If there are multiple acquisition viewpoints, it become harder to correctly orient the normal, but this aspect is not covered in this thesis work since it is out of the scope.

In the context of surface reconstruction techniques, the importance of the definition of the  $p_i$  neighborhood has been already pointed out. In [4], some common approaches consist of defining a neighborhood by considering the k nearest points (KNNs) with respect to  $p_i$  or by taking into account all the points lying within an  $\varepsilon$ – ball, that is a spherical neighborhood centered on  $p_i$  and having radius  $\varepsilon$ . In this last case, all the k points that satisfy the property to be distant from  $p_i$  less than  $\varepsilon$ are considered as part of the  $p_i$  neighborhood.
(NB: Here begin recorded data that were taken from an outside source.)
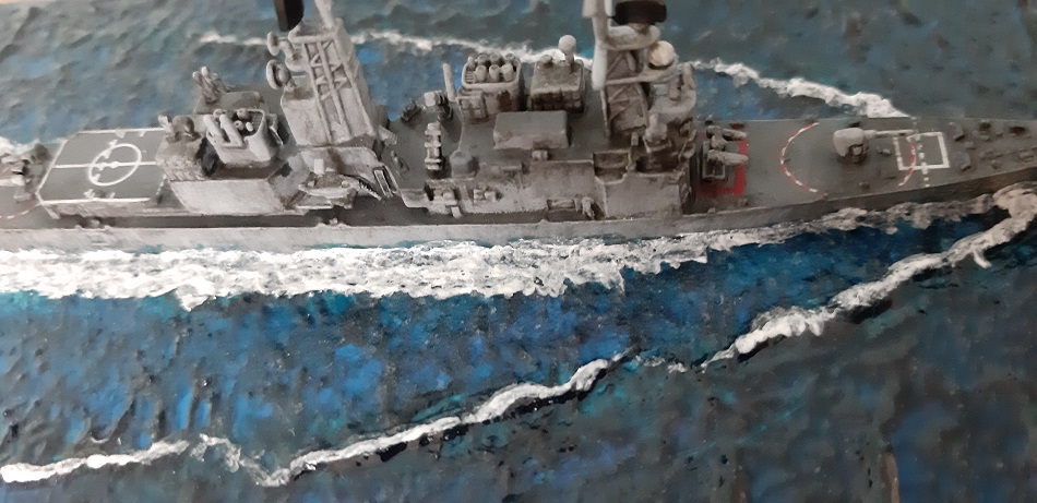 Ukończyłem budowe modelu wyżej wymienionego. Spasowanie bardzo dobre, klejenie czysta przyjemność (tamiya extra thin+revell contacta). Malowane było pierw podkładem w sprayu, potem bazowy pędzelkiem, lakier połysk w sprayu, kalki (tamka mark fit), połysk, wash, mat w sprayu wash do pokładu i na koniec znowu lakier matowy. Jako podstawkę posłużył mi odpad płyty wiórowej, oklejona balsą, by zamaskować strukturę płyty, przed malowaniem pokryłem górną część szpachlą do drewna. Do imitacji wody posłużyły mi farby akrylowe (modelarskie jak i dla plastyków) i efekty AK i still water vallejo. Z efektu jestem zadowolony choć jestem świadom, że dało się to zrobić lepiej. Ale biorąc pod uwagę, że jest to dopiero moja 2 dioramka morska w życiu i 3 plastikowy okręt z kolei myślę, że jest ładnie.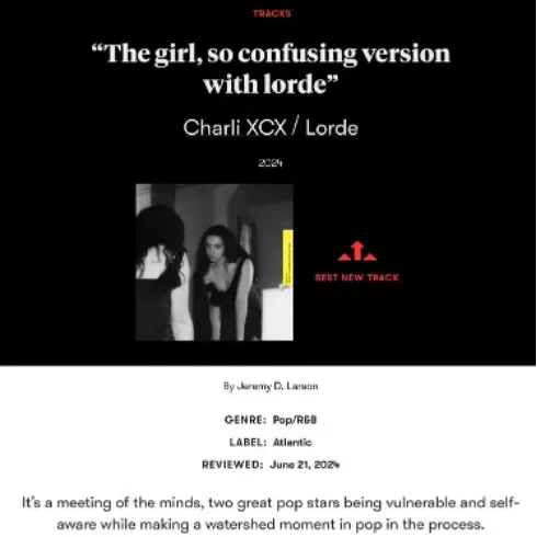 Charli xcx 联手 Lorde 混音单曲 The girl, so confusing version with lorde 荣获 Pitchfork 的 Best New Track 认证。“这是两位伟大的pop stars在思想上的交流碰撞。他们展现出脆弱和自省的一面,同时也创造了流行音乐史上的一个分水岭时刻。”
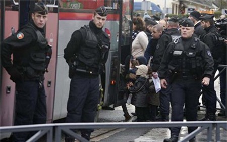 Lực lượng Hiến binh Pháp đứng bảo vệ trẻ em lên một xe buýt khi chúng được sơ tán khỏi hiện trường vụ hai bắt cóc con tin tại một khu công nghiệp ở Dammartin-en-Goële, phía đông bắc Paris ngày 9.1. |
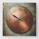 copper patina, corroded metal, copper round plate, industrial style wall clock roman numerals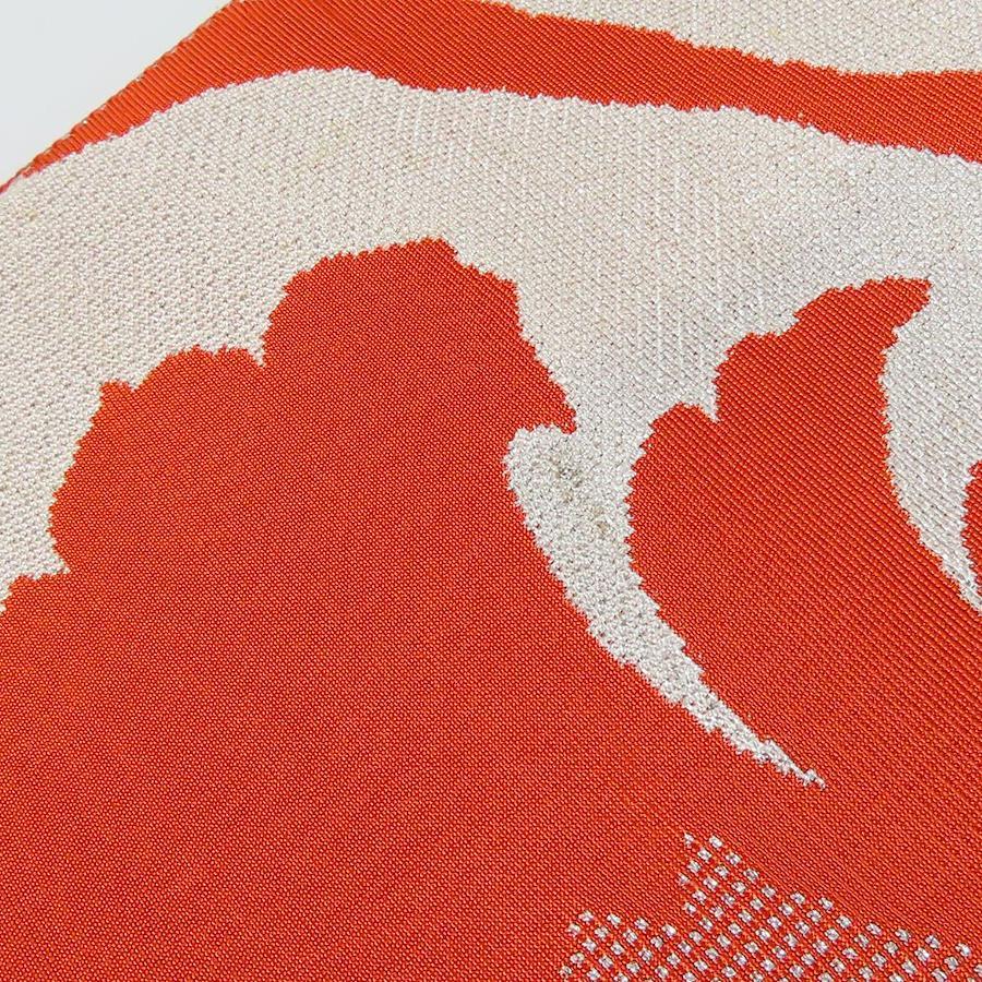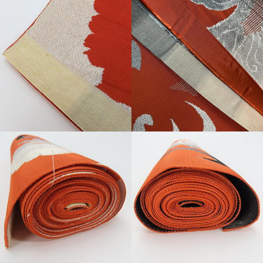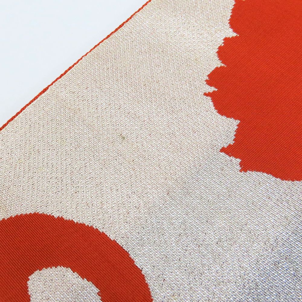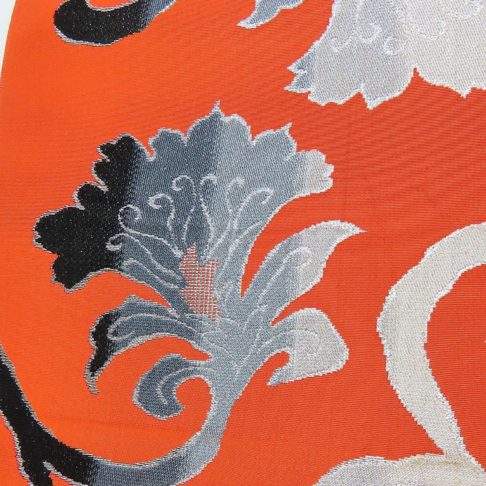[Pre-owned] Nagoya Obi, Kyoto Bag, 8 Sun, Pure Silk (excluding gold and silver threads), Silver Thread, Vermilion, Black, Gray, Beige, Arabesque Pattern, Kimono, Women's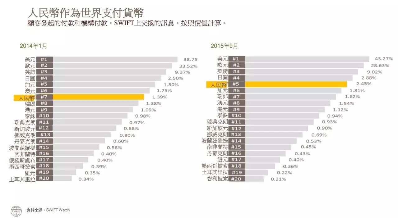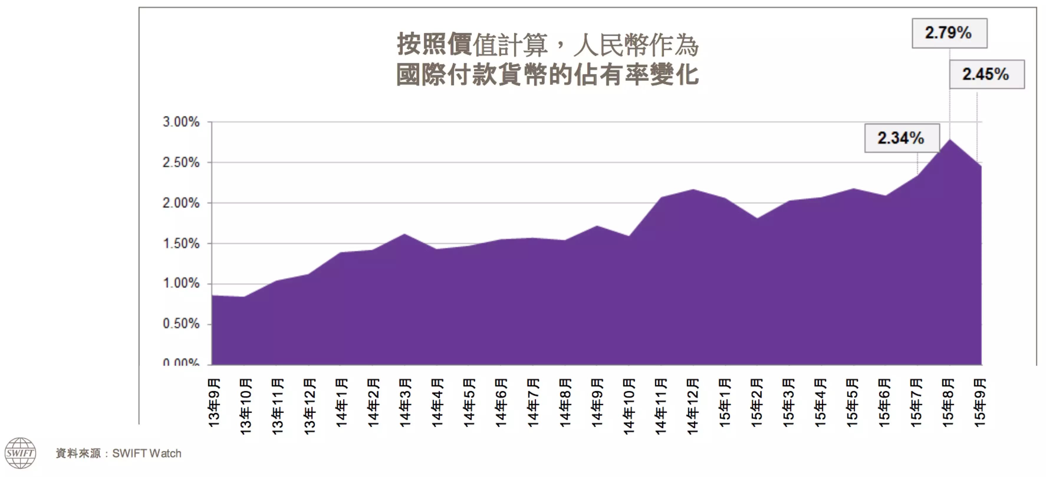 2015年10月29日,SWIFT的最新人民币追踪显示,按照价值计算,人民币在国际付款货币的排名回落一位至第五位。2015年9月份,人民币占全球付款2.45%,较2015年8月的2.79%有所减少。然而,SWIFT数据亦显示人民币的相关增长仍然向好。2015年9月份,人民币活动占有率高于2015年7月份以至过往月份。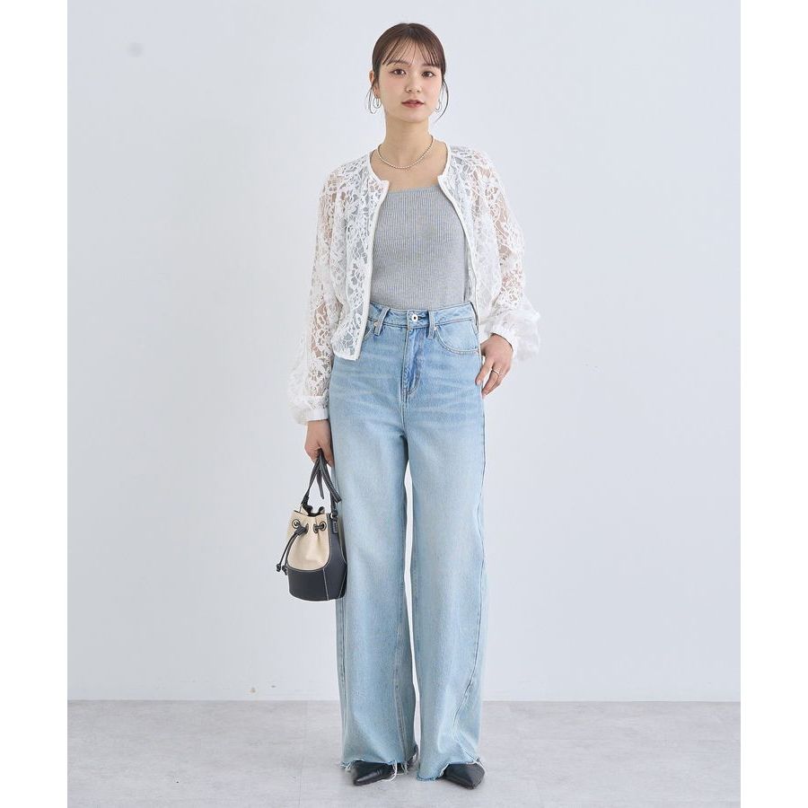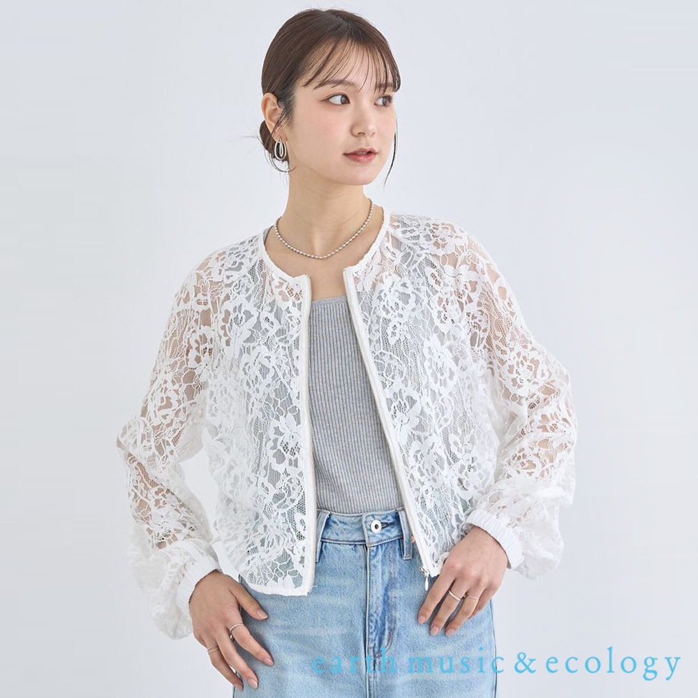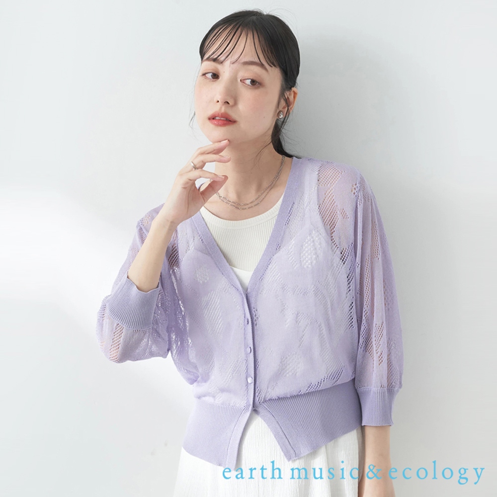 earth music&ecology 鏤空透膚蕾絲中短版拉鍊外套/上衣(01000065402)
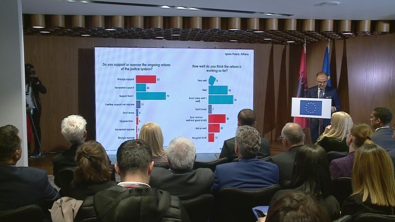“Kjo pjesë e sondazhit në këndvështrimin tim ka shumë rëndësi. Ne dëgjojmë shumë të flitet për reformën në drejtësi. Mbështetja e shqiptarëve për reformën në drejtësi është shumë e lartë dhe shkon në 79% dhe 55% mendojnë se kjo reformë po shkon mirë. Nga ana tjetër 13% mendojnë se nuk po shkon mirë. Gjetjet konfirmojnë besimin e shqiptarëve dhënë autoriteteve të tyre por gjithashtu komunitetit ndërkombëtar për ta ndryshuar sistemin e drejtësisë”, tha ambasadori Luigi Soreca.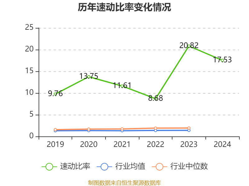 2024年,公司流动比率为17.74,速动比率为17.53。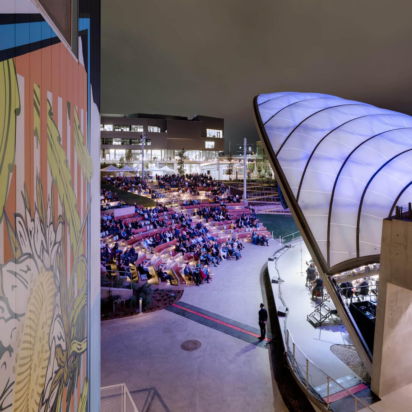 Located in the heart of the Pepper Canyon neighborhood, the Epstein Family Amphitheater is a multi-functional performance venue for students, faculty/staff, and the wider professional and public community use. The amphitheater is positioned to make use of the natural landscape for seating and utilizes a custom-designed acoustic system to amplify sound through the outdoor venue. The project also improved surrounding landscaping and facades for three existing visual arts buildings, installed Stuart Collection artwork, and constructed the Rupertus Walk which connects the greater UC San Diego campus to the Blue Line Trolley extension.

For example, in [31] the least square best fitting plane of a point  $p_i$  is determined by considering the neighborhood points that are contained in a sphere of radius r. In the case where the data contains little or no noise, k is not a crucial parameter since the output has been empirically observed to be stable over a wide range of settings [28]. In most of cases, it is usually better to choose a value of k that automatically changes, based on the considered point  $p_i$ . In more general applications, it is important to define an appropriate value for k since, if k is not large enough, the noise prevails over true data and the eigenvalues, computed through the PCA, tend to attain close values. On the other side, if k is too large, the points are much more widespread, and the surface curvature tends to increase the "thickness" of the neighborhood [28]. In the examined case, it is assumed a uniform sampling of the surface, so it is not necessary to adopt a complex technique to establish how many points shall be taken into account or which but simply the k = 8 nearest points are included.

### **3.2.3** Computation of the smallest eigenvector

Previously, it has been asserted that, for each point  $p_i$  of the point cloud, the vector which is normal to the surface can be computed by calculating the eigenvector  $u_3$ , associated to the smallest eigenvalue  $\lambda_3$  of the covariance matrix *COV*. In particular, the covariance matrix is a positive – semidefinite symmetric matrix so it is included in the class of Hermitian matrices (a Hermitian matrix is a square complex matrix, which is equal to its conjugate transpose). For the class of Hermitian matrices, the most powerful and reliable algorithms are available [34]. The computation of the eigenvectors for a square  $3 \times 3$  matrix is not so difficult to perform by hand but, in this case, it has to be developed to be performed by a FPGA so an iterative method shall be applied.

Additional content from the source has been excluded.